- Mapayag Map of Mindanao showing the location of Mapayag Mapayag Mapayag (Philippines)
- Coordinates: 8°05′07″N 125°02′25″E﻿ / ﻿8.085225°N 125.04036°E
- Country: Philippines
- Province: Bukidnon
- City: Malaybalay
- District: South Highway District
- Barangayhood: May 12, 1960

Government
- • Type: Barangay Council
- • Body: Sangguniang Barangay
- • Chairman: Conrado Sungkit

Area
- • Total: 13.4 km^{2} (5.2 sq mi)
- Elevation: 1,181 m (3,875 ft)

Population (2015 census)
- • Total: 979
- • Density: 73.1/km^{2} (189/sq mi)
- PSGC: 101312034
- IRA: ₱ 2.169 million (2021)

= Mapayag =

Settlement in the Philippines

Mapayag is a rural barangay in the South Highway District of Malaybalay, Bukidnon, Philippines. According to the 2015 census, it has a population of 979 people.
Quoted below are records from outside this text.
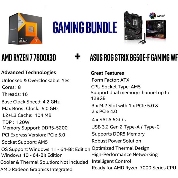 19번: 내륙 AMD Ryzen 7 7700X 8코어 16 스레드 AM5 잠금 해제 데스크톱 프로세서 번들과 ASUS TUF 게이밍 B650PLUS WiFi DDR5 PCIe 5.0 7, AMD Ryzen 5 4500 + ASUS Prime, 1개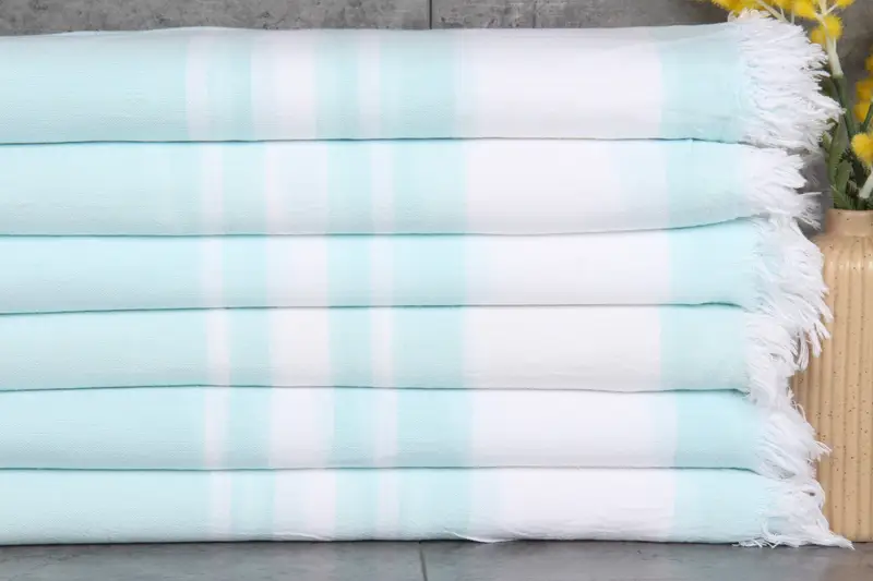 Turkish towels are made from 100% organic Turkish cotton, ensuring a natural fiber composition. These towels, weighing 180 grams, are characterized by dimensions of 36x67 inches (90x170 centimeters), featuring a tolerance of 1-2.5 cm in hand-weaving. The towels demonstrate high absorbency, becoming more absorbent with each wash.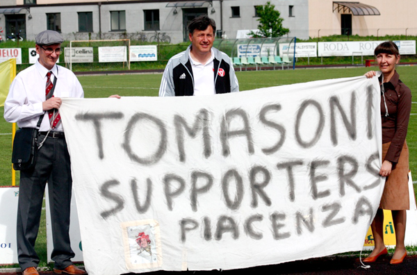 A portarlo in giro per l’Italia sono Elena e Francesco, tifosi numero 1 di Paolo Tomasoni: «Quando arrivò a Piacenza ci diede subito l’impressione di essere un giocatore "anomalo", sensibile, particolare – racconta Francesco – avevamo circa 20 anni sia noi che lui e io e Elena percepimmo una persona diversa, migliore. A questo si aggiungevano le sue caratteristiche da calciatore: innanzitutto aveva un sinistro molto potente, alla Mihajlović per intenderci; e poi era uno di quei giocatori che venivano definiti "jolly" e che emozionano per la loro capacità di ricoprire tanti ruoli per aiutare la squadra. Così, di fatto 30 anni fa, fondammo il Tomasoni Supporters Piacenza».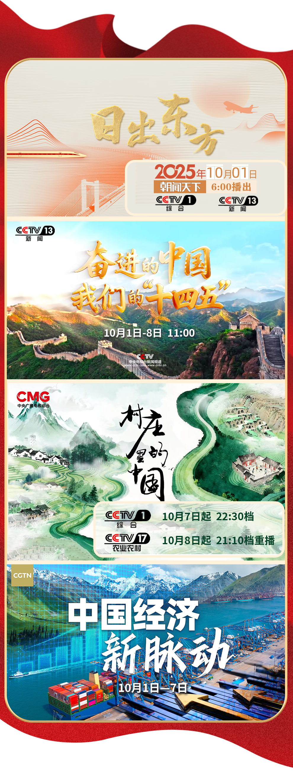 新時(shí)代中國的動人故事里,主角正是新征程上奮進(jìn)的你我。在雄壯的國歌聲中,跟隨特別報(bào)道《日出東方》,領(lǐng)略祖國山川的壯麗秀美,看晨曦中的中國人奮力拼搏的“此時(shí)此刻”。直播特別節(jié)目《奮進(jìn)的中國 我們的“十四五”》《向祖國報(bào)告》《團(tuán)結(jié)奮斗向復(fù)興》,全景展示中國式現(xiàn)代化建設(shè)成就。走進(jìn)《村莊里的中國》飽覽鄉(xiāng)村振興和美畫卷,走遍《可愛的中國》感受身邊的美好生活。走出國門,在全球化視野中,觸摸《中國經(jīng)濟(jì)新脈動》。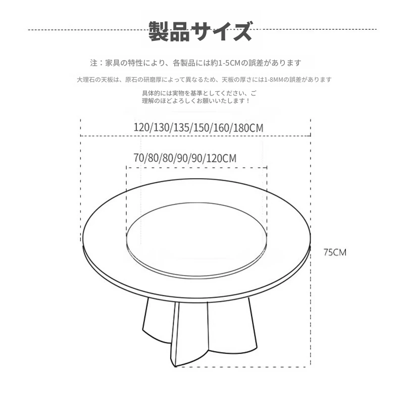 高級感あふれるモダンデザインのラウンドダイニングテーブル!軽やかなラグジュアリー、回転式大理石テーブルで家族や友人との特別なひとときを演出。シンプルで洗練されたスタイルで、どんなインテリアにもマッチします。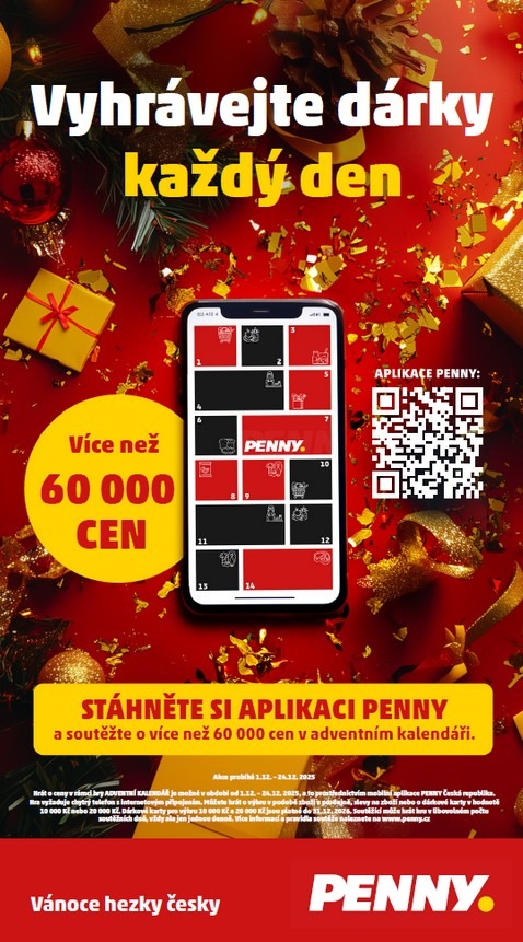 Od 1. do 24. prosince 2025 mohou uživatelé mobilní aplikace „PENNY“ denně otevírat jedno okénko v digitálním adventním kalendáři, ve kterém na ně čekají slevy, produkty zdarma či šance na slosování o dvacet pět dárkových karet v celkové hodnotě 250 000 Kč.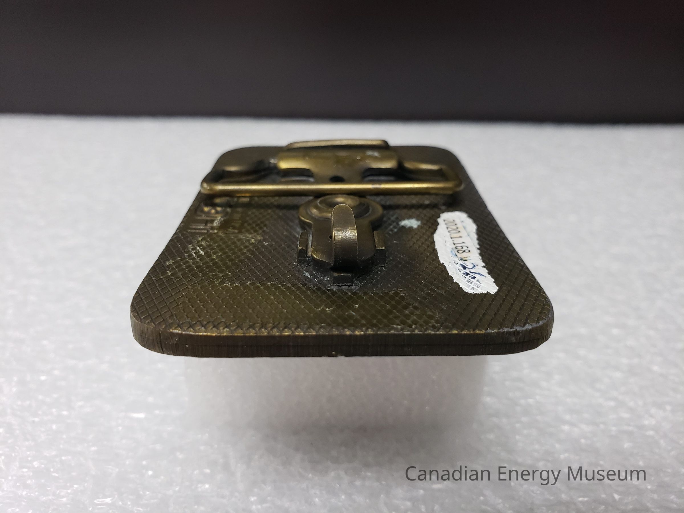 Old Description (Kelsey Dalrymple, 3 June 2020): Banister. Rectangular brass belt buckle. (Donated by Wayne Hartley).Collection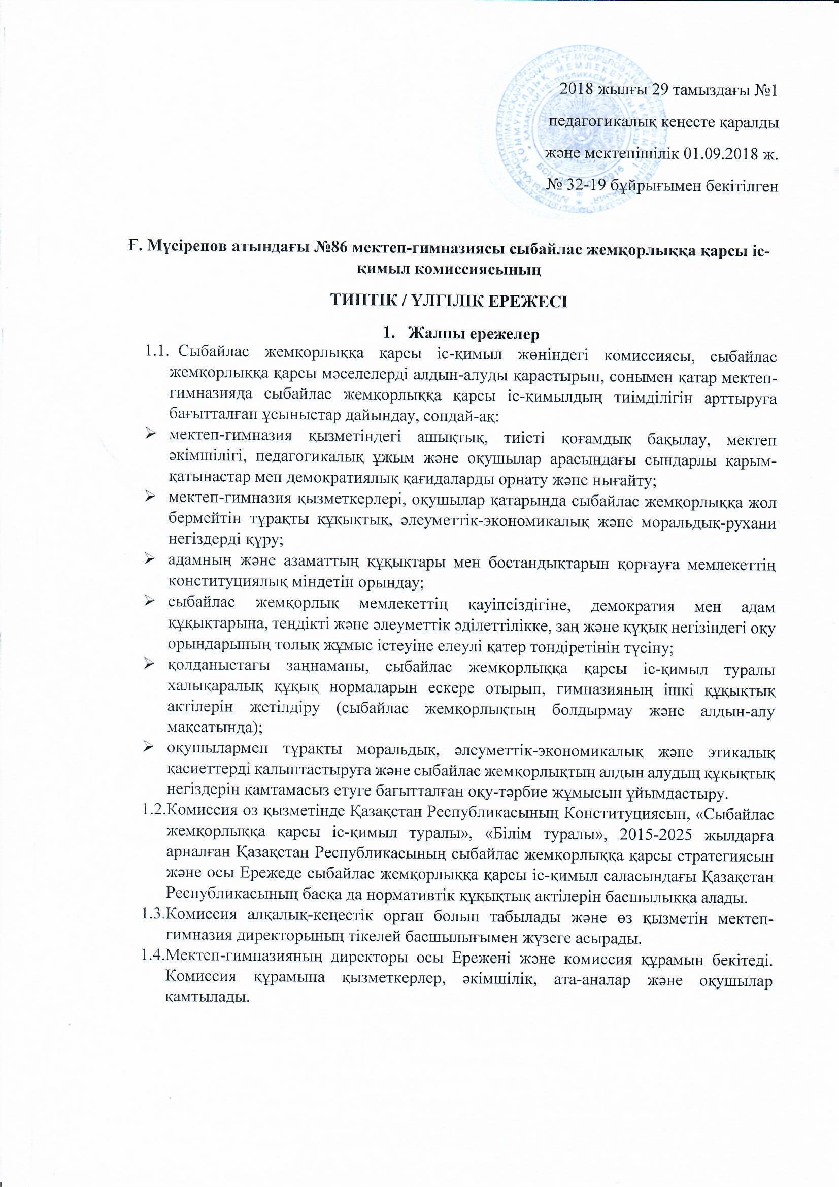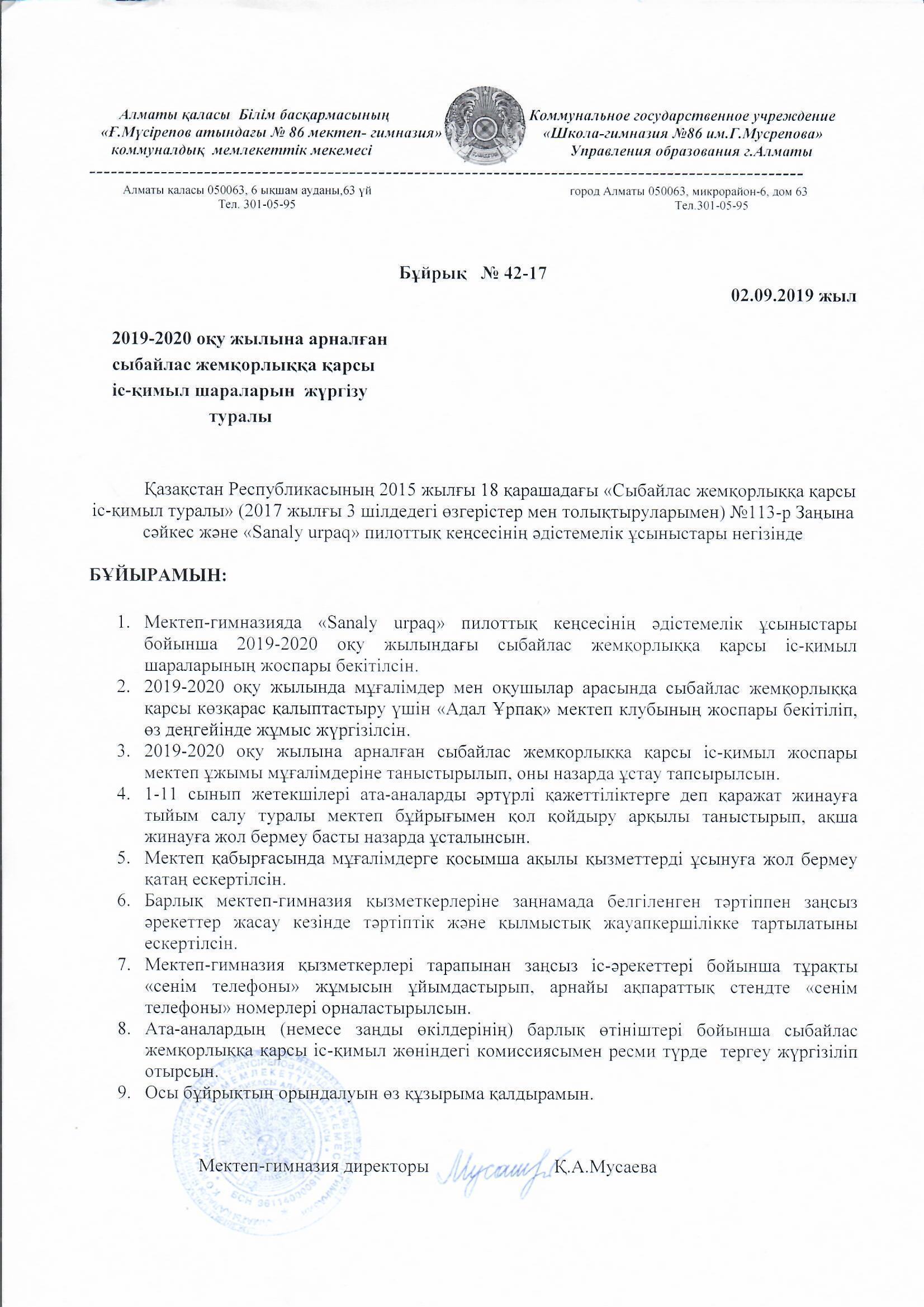 2018-2019 оқу жылына арналған сыбайлас жемқорлыққа қарсы іс-қимыл шараларын жүргізу бұйрығы_

It is located on the foothills of the Kitanglad Mountain Range and is bordered to the north by Imbayao and Casisang, to the east by Magsaysay, to the southeast by Aglayan, to the south by Capitan Juan and Kaatuan of the Municipality of Lantapan, and to the west by the Mt. Kitanglad Range Natural Park. The name Mapayag is a Binukid word which translates to "clear" or "distinct", alluding to its high elevation. Primarily agricultural, its main products are vegetables, corn, sugarcane, and coffee; the latter is a growing industry.